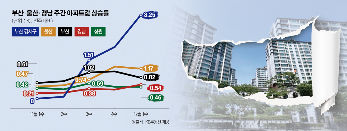 6일 KB부동산 통계에 따르면 이달 첫째 주 부산 강서구 아파트 매매가격은 일주일 새 3.25% 급등했다. 전국에서 가장 높은 상승률이다.
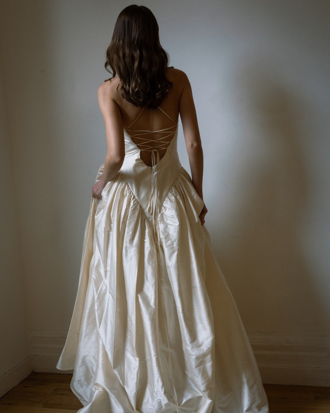 | High-Low Volume | Petite, hourglass | Destination & playful celebrations | Front leg shots, back train shots |
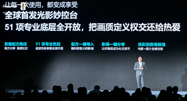 海信UX2026款搭载行业首创光影妙控台,内置大师级调色方案可一键复刻专业画质,更开放 51 项核心参数支持资深玩家精细调节,更有调色配方商店,未来将汇集导演与专业调色师的大师方案,支持一件复制,普通用户也能轻松调出专业级画面,解锁画质调试互动新体验。
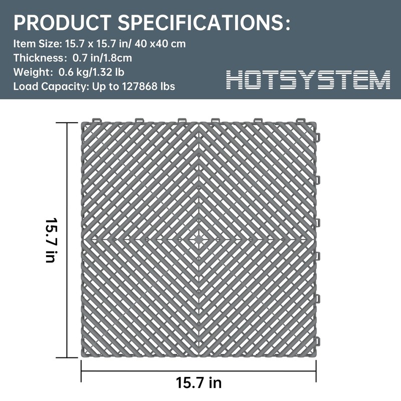 • 【Multi Purpose】HOTSYSTEM provides high-quality interlocking floor tiles for garages, basements, and workshops. We believe that a stronger, safer, and smarter home starts from the ground up.
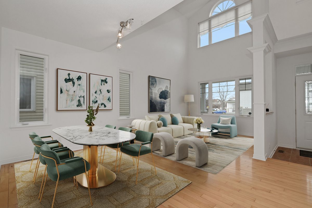 Discover this stunning 4 bedroom, 4 bathroom home in a highly sought-after stittsville community, ideally located near parks, schools, shopping, and scenic trails. Step inside to an impressive open to above living room filled with natural light, soaring ceilings, and elegant hardwood flooring throughout. A stylish butler's station connects seamlessly to the gourmet kitchen, complete with granite countertops, stainless steel appliances, ample cabinetry, double sinks, and a large island with breakfast seating. Patio doors lead to a beautifully landscaped backyard featuring a spacious multi-level deck-perfect for entertaining. The inviting family room offers a cozy gas fireplace, creating the ideal space to relax. A convenient powder room and well-designed laundry area with custom storage complete the main level. Upstairs, a versatile loft provides the perfect home office or lounge space. The primary suite features a walk-in closet and a spa-like ensuite, complemented by two additional bedrooms and a full bathroom. The fully finished basement is an entertainer's dream with a large recreation area, stone-accented fireplace, wet bar with wine fridge, and plush carpeting. A fourth bedroom with walk-in closet and adjacent full bathroom adds excellent flexibility for guests or extended family. Outside, enjoy a private, fully fenced yard with a landscaped setting and multi-level deck designed for outdoor living. A perfect blend of elegance, comfort, and functionality-this home is truly move-in ready. Some photos have been virtually staged.

::::::::::

Exercise brief -
Omit the pictures; restate every entry word for word.

Answer to this problem -
 6일 KB부동산 통계에 따르면 이달 첫째 주 부산 강서구 아파트 매매가격은 일주일 새 3.25% 급등했다. 전국에서 가장 높은 상승률이다.
 | High-Low Volume | Petite, hourglass | Destination & playful celebrations | Front leg shots, back train shots |
 海信UX2026款搭载行业首创光影妙控台,内置大师级调色方案可一键复刻专业画质,更开放 51 项核心参数支持资深玩家精细调节,更有调色配方商店,未来将汇集导演与专业调色师的大师方案,支持一件复制,普通用户也能轻松调出专业级画面,解锁画质调试互动新体验。
 • 【Multi Purpose】HOTSYSTEM provides high-quality interlocking floor tiles for garages, basements, and workshops. We believe that a stronger, safer, and smarter home starts from the ground up.
 Discover this stunning 4 bedroom, 4 bathroom home in a highly sought-after stittsville community, ideally located near parks, schools, shopping, and scenic trails. Step inside to an impressive open to above living room filled with natural light, soaring ceilings, and elegant hardwood flooring throughout. A stylish butler's station connects seamlessly to the gourmet kitchen, complete with granite countertops, stainless steel appliances, ample cabinetry, double sinks, and a large island with breakfast seating. Patio doors lead to a beautifully landscaped backyard featuring a spacious multi-level deck-perfect for entertaining. The inviting family room offers a cozy gas fireplace, creating the ideal space to relax. A convenient powder room and well-designed laundry area with custom storage complete the main level. Upstairs, a versatile loft provides the perfect home office or lounge space. The primary suite features a walk-in closet and a spa-like ensuite, complemented by two additional bedrooms and a full bathroom. The fully finished basement is an entertainer's dream with a large recreation area, stone-accented fireplace, wet bar with wine fridge, and plush carpeting. A fourth bedroom with walk-in closet and adjacent full bathroom adds excellent flexibility for guests or extended family. Outside, enjoy a private, fully fenced yard with a landscaped setting and multi-level deck designed for outdoor living. A perfect blend of elegance, comfort, and functionality-this home is truly move-in ready. Some photos have been virtually staged.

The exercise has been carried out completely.